[发明专利]一种提高咖啡酸产量的生物制备方法

权利要求书

1.一种提高咖啡酸产量的生物制备方法，其特征在于：包括以下步骤：

S1：构建大肠杆菌基因工程菌strC4H；

(1)以羟化酶基因为模板，加入PCR引物对，进行PCR扩增，经琼脂糖凝胶电泳分离和胶回收，得到带有同源臂的基因片段P1；

(2)载体pET20b以BamH1/EcoR1为酶切位点，37℃过夜酶切，经琼脂糖凝胶电泳分离和胶回收，得到酶切后的线性化载体M1；

(3)利用同源重组技术，采用2uL的TAKARA infusion酶将(1)中的基因片段P1和(2)中的线性化载体M1进行连接，其中线性化载体M1和基因片段P1按照摩尔质量比1：2添加，总体系10uL，其余由无菌水补足体系，50℃，30min，得到连接产物M2；

(4)将(3)中的连接产物M2转入到DH5A感受态菌株中，涂布含有50μg/mL氨苄霉素的LB平板，挑菌，37℃、220rpm过夜培养后提取质粒，经Bam HI/EcoR1双酶切验证筛选出正确的重组质粒，标记为pET-C4H；

(5)将(4)中的重组质粒pET-C4H转入Escherichia coli Tuner(DE3)感受态菌株中，加入50μg/mL氯霉素和50μg/mL氨苄，筛选得到带有羟化酶基因的大肠杆菌基因工程菌，标记为strC4H；

S2：菌体活化；

取S1中的大肠杆菌基因工程菌strC4H，二次摇瓶活化后，接种于平板培养基中，4℃保存；

S3：制备种子液；

取S2中的平板培养基，挑取单菌落，摇瓶活化，置于50ml的种子培养基中培养12小时，获得种子液；所述种子培养基的配方为：每1000ml培养基，加入酵母粉5g，胰蛋白胨10g和氯化钠10g,余量为水，PH7.0；

S4：发酵罐培养；

将S3中的种子液按照3％-5％的接种量接种于发酵罐内的发酵培养基中，边通气边搅拌，温度控制37℃，搅拌速度500rpm-800rpm，通气量(5V/V.min)，添加5％氢氧化钠控制pH至7.0；采用恒pH流加方法向发酵罐内添加补料培养基进行补料，以促进大肠杆菌基因工程菌strC4H的持续生长；

所述发酵培养基的配方为：每1000ml培养基，加入甘油5g，酵母提取物7.5g，蛋白胨30g，氯化钠0.5g，柠檬酸2g，磷酸氢二钾14g，磷酸二氢钾5g，硫酸镁1.2g和微量元素，余量为水，PH7.0；其中微量元素包括七水硫酸亚铁2g、二水氯化钙13.5g、五水硫酸镁0.75g、六水氯化钴0.13g、七水硫酸锌0.75g、二水氯化铜0.16g和二水钼酸钠0.13g；

所述补料培养基的配方为：每1000ml培养基，加入甘油250g、酵母粉60g和蛋白胨60g，余量为水；

S5：诱导表达；

在菌株发酵至比生长速率为0.1时，加入诱导剂，温度控制30℃，进行诱导表达产生羟化酶；

S6：生物转化；

取1L发酵液，分批加入中底物4-香豆酸，反应10小时后，采用高效液相色谱法对发酵液中咖啡酸的含量进行检测。
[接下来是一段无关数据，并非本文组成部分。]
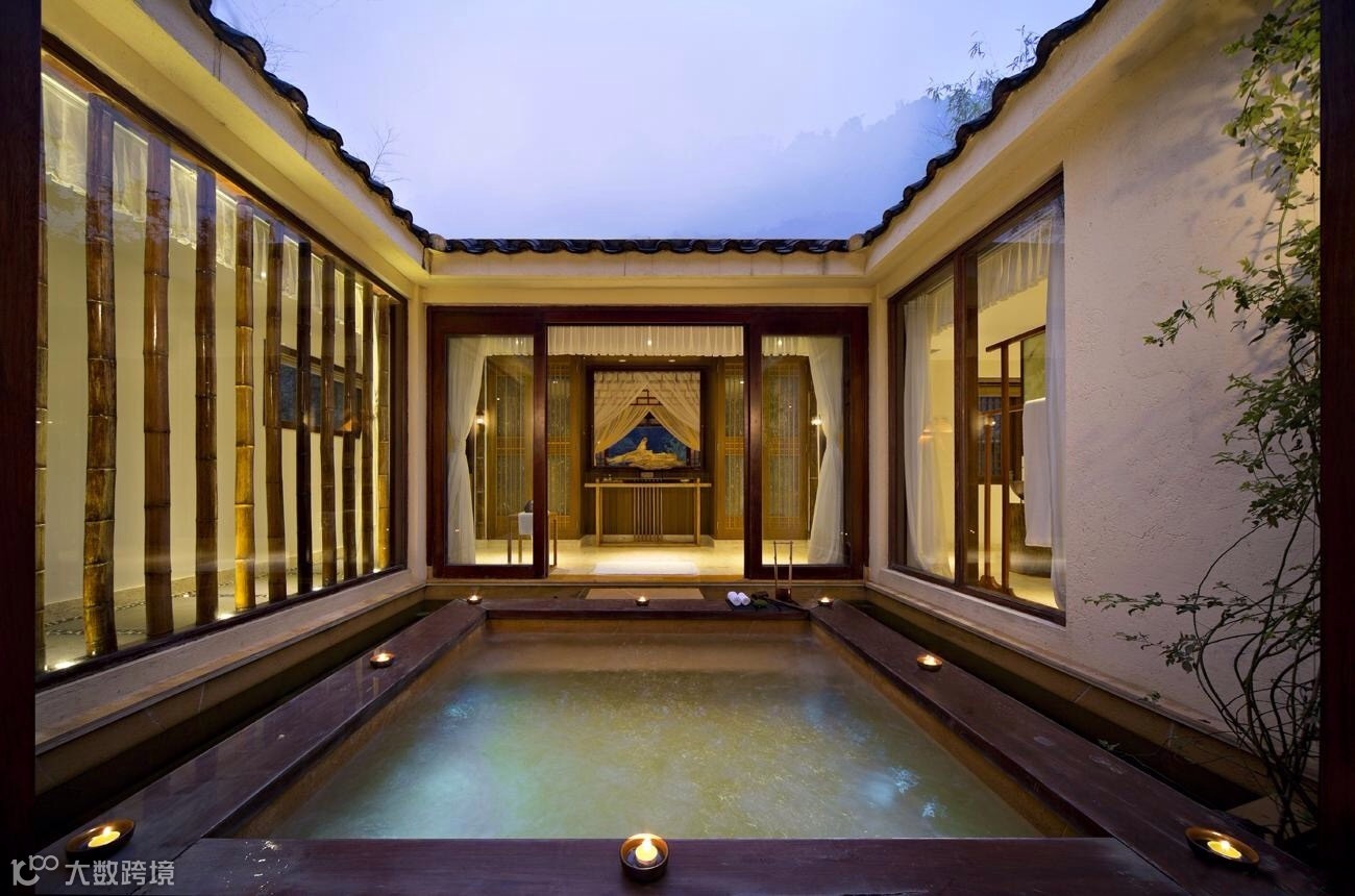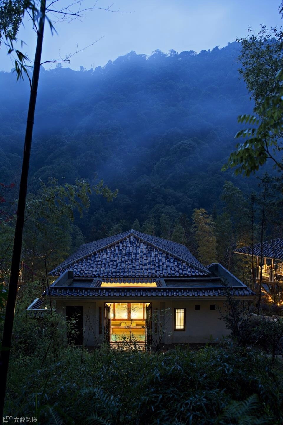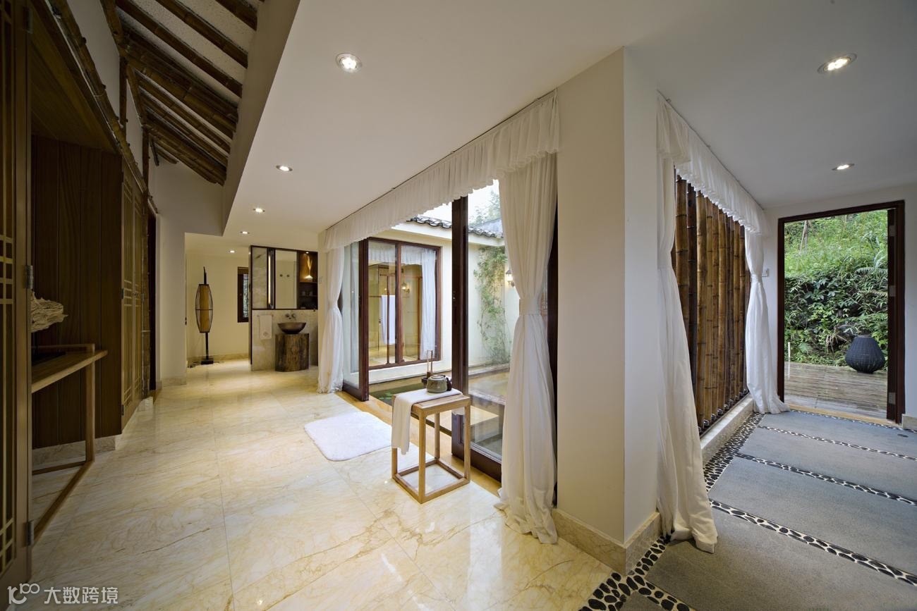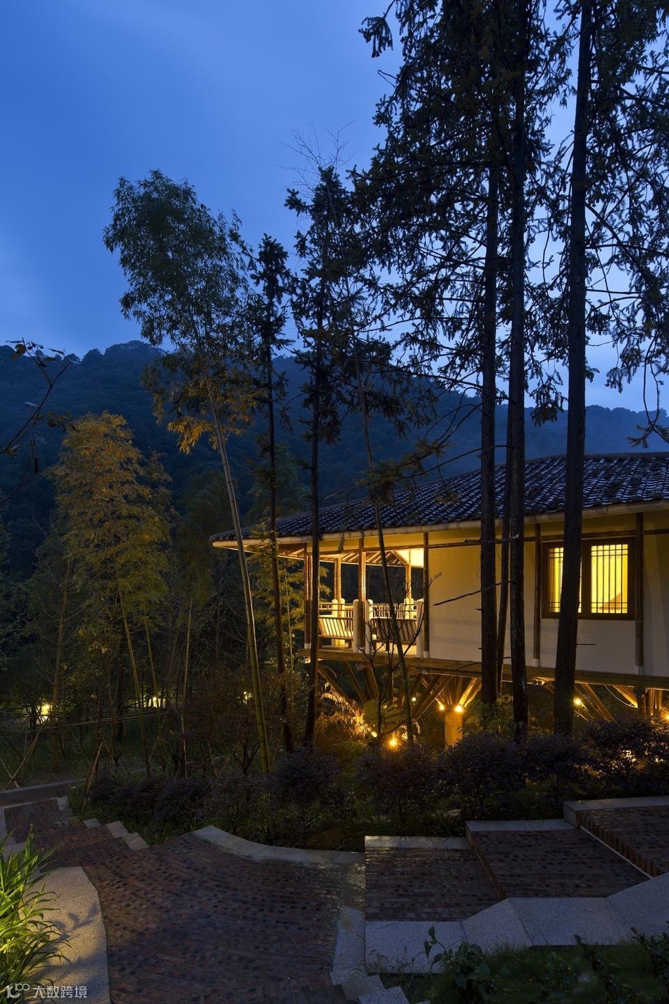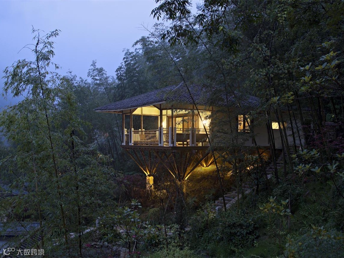 竹别墅室吸取客家民居建筑灵感,前半部吊脚楼与后半部天井院落相互结合。前半部为32根木桩托起的吊脚楼,包括客房和观景阳台,成为“干区”;后半部为天井式温泉区,包括温泉池和户外平台,称为“湿区”。如此,使得建筑的功能性和艺术性得到扩展,可谓“干湿结合”。

2.根据权利要求1所述的一种提高咖啡酸产量的生物制备方法，其特征在于，所述S1中的羟化酶基因的核苷酸序列如SEQ ID NO.1所示；所述S5中的羟化酶的氨基酸序列如SEQID NO.2所示。

3.根据权利要求1所述的一种提高咖啡酸产量的生物制备方法，其特征在于，所述S1中的载体pET20b的核苷酸序列如SEQ ID NO.3所示。

4.根据权利要求1-3任一项所述的一种提高咖啡酸产量的生物制备方法，其特征在于，所述S4中的诱导剂为20g/L乳糖。

5.根据权利要求4所述的一种提高咖啡酸产量的生物制备方法，其特征在于，所述S1中的PCR引物对的上游引物具有如SEQ ID NO.4所示的核苷酸序列；所述PCR引物对的下游引物具有如SEQ ID NO.5所示的核苷酸序列。

6.根据权利要求1所述的一种提高咖啡酸产量的生物制备方法，其特征在于，所述S4中种子液的接种量为4％。